Let $G$ be a finite group. Consider all the subgroups $H$ such that its subgroups lattice $\mathcal{L}(H)$ is distributive (i.e. the group $H$ is cyclic, by Ore's theorem), and among them, let $\{ H_{i_1} \ \vert \ i_1 \in I_1 \}$ be the set of subgroups having a maximal order. Now for a fixed $i_1$, consider all the intermediate subgroups $K$ of $(H_{i_1} \subseteq G)$, i.e. $H_{i_1} \subseteq K \subseteq G$, such that the intermediate subgroups lattice $\mathcal{L}(H_{i_1} \subseteq K)$ is distributive, and among them, let $\{ H_{i_1,i_2} \ \vert \ i_2 \in I_2 \}$ be the set of subgroups having a maximal order. We iterate the process, and we obtain several chains of (strictly) increasing subgroups: $$\{e\} \subset H_{i_1} \subset H_{i_1,i_2} \subset H_{i_1,i_2,i_3} \subset \dots \subset G$$
Question: Are all these chains of same length?
Example: $G = S_4$ (see the subgroups lattice below)

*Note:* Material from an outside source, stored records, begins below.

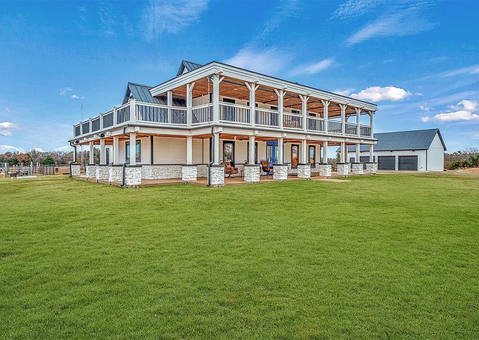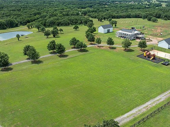A true First Offering situated just 15 minutes from Edmond, near historic Route 66. A sprawling 195 acres of rolling hills surround this one of a kind fully furnished luxury farm house. No expense was spared in the remodel of this stunning property, boasting high end finishes throughout. Recently receiving an award for deployment of technology, the home is equipped with a top of the line Savant home automation system allowing the owner to control the climate, audio, lighting, and more all at the click of a button. The main level is complete with a true gourmet kitchen, vaulted ceilings, expansive open concept living and dining areas, spacious primary suite with attached office space or sitting room, and 2 additional en suite bedrooms. The upper level houses additional living space and bunk room with sliding doors opening to the wrap around porch. Additionally, the detached garage boasts a Full Swing golf simulator with a built-in mini bar, Kaleidescape movie theater, and space for a private gym. The grounds are truly what set this home apart - fully fenced with multiple paddocks for horses or livestock, outdoor basketball court and playground, chicken coop with round pin, 2 fully stocked ponds, detached barn for storage and so much more. Don’t miss your chance to own this one of a kind property, schedule your showing today!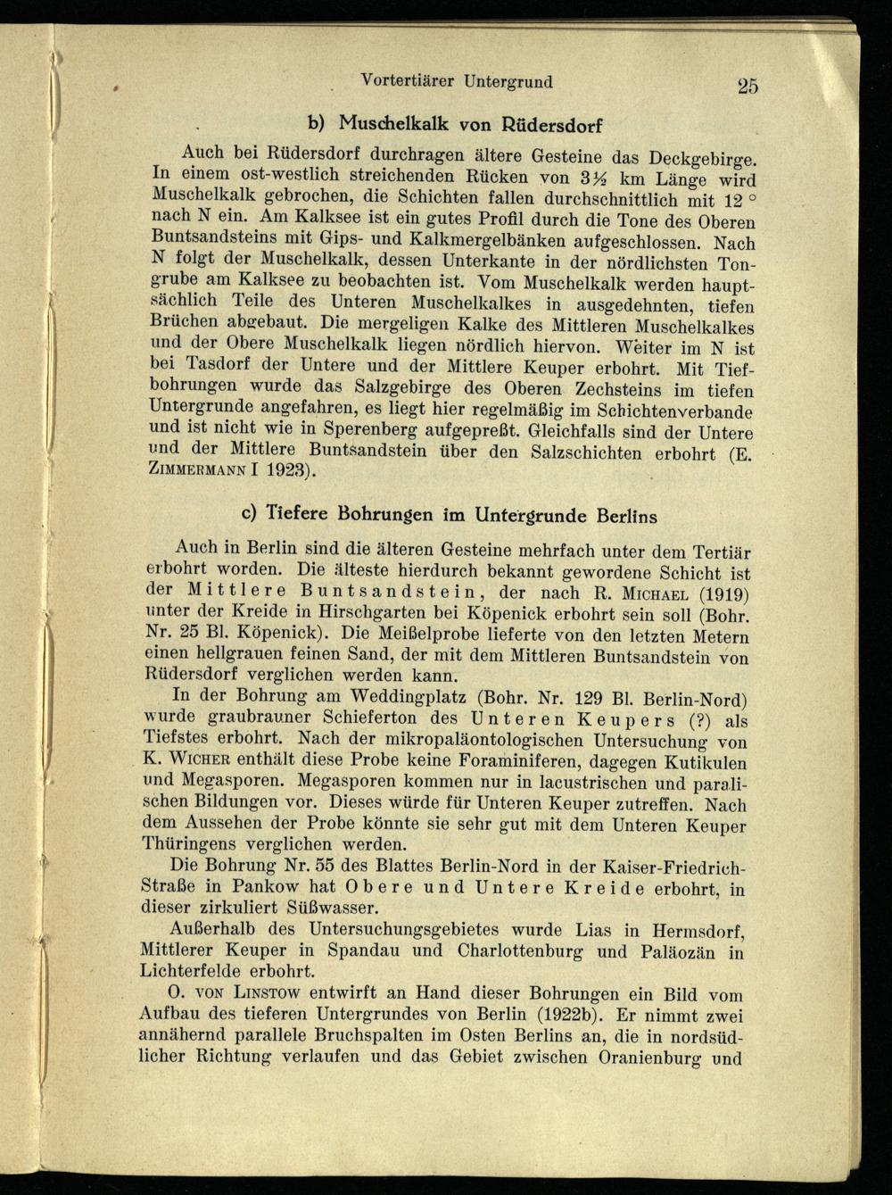 O0. von LiysTow entwirft an Hand dieser Bohrungen ein Bild vom Aufbau des tieferen Untergrundes von Berlin (1922b). Er nimmt zwei annähernd parallele Bruchspalten im Osten Berlins an, die in nordsüdlicher Richtung verlaufen und das Gebiet zwischen Oranienburg und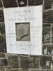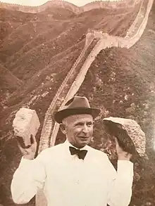 Ambassador Peaslee at the Great Wall of China with the stone that the brought back to New Jersey. Courtesy of the Peaslee family.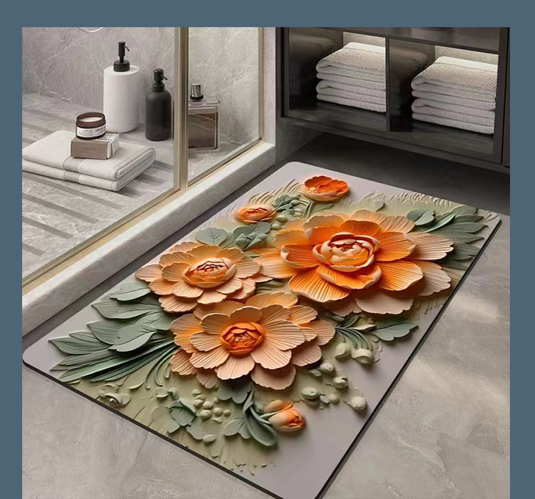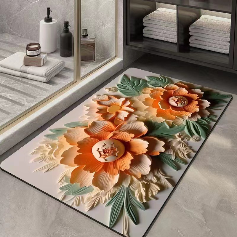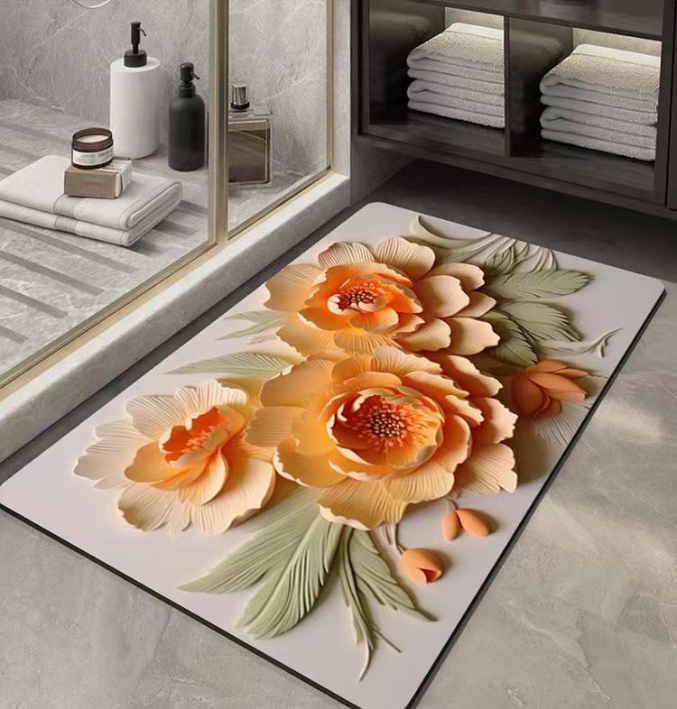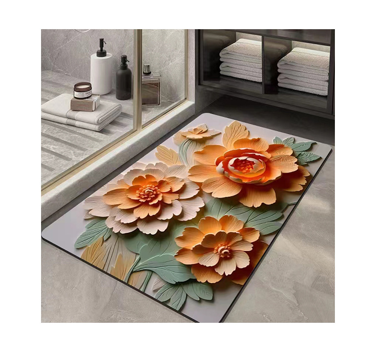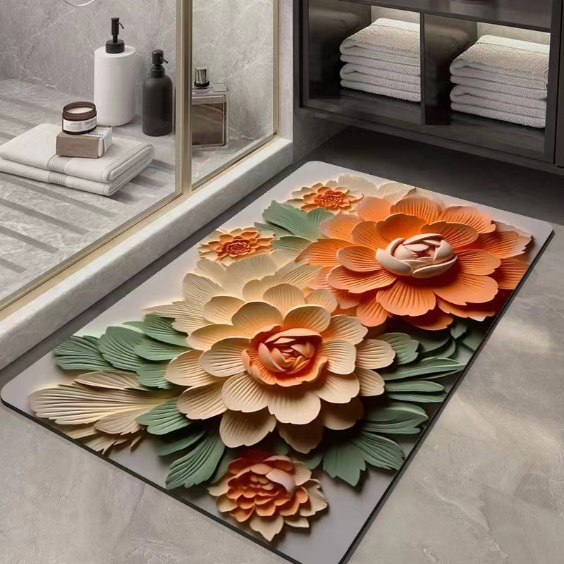 플라워 스테레오 시각 효과 규조류 진흙 흡수 매트 욕실 꽃 3D 속건 미끄럼 방지 발 매트 생성 모발스토어 가기

There are $16$ cyclic subgroups: $3+6$ isomorphic to $\mathbb{Z}/2$, $4$ isomorphic to $\mathbb{Z}/3$ and $3$ isomorphic to $\mathbb{Z}/4$. So among them, the maximal order is $4$. Next for a given subgroup isomorphic to $\mathbb{Z}/4$, there are two intermediate subgroups (i.e. $\mathbb{Z}/4 \subseteq K \subseteq S_4$) with $\mathcal{L}(\mathbb{Z}/4 \subseteq K)$ distributive: $K=Dih_4$ or $S_4$, and the one of maximal order is $S_4$.
Conclusion, we get three chains of same length $2$, and isomorphic to: $\{e\} \subset \mathbb{Z}/4 \subset S_4$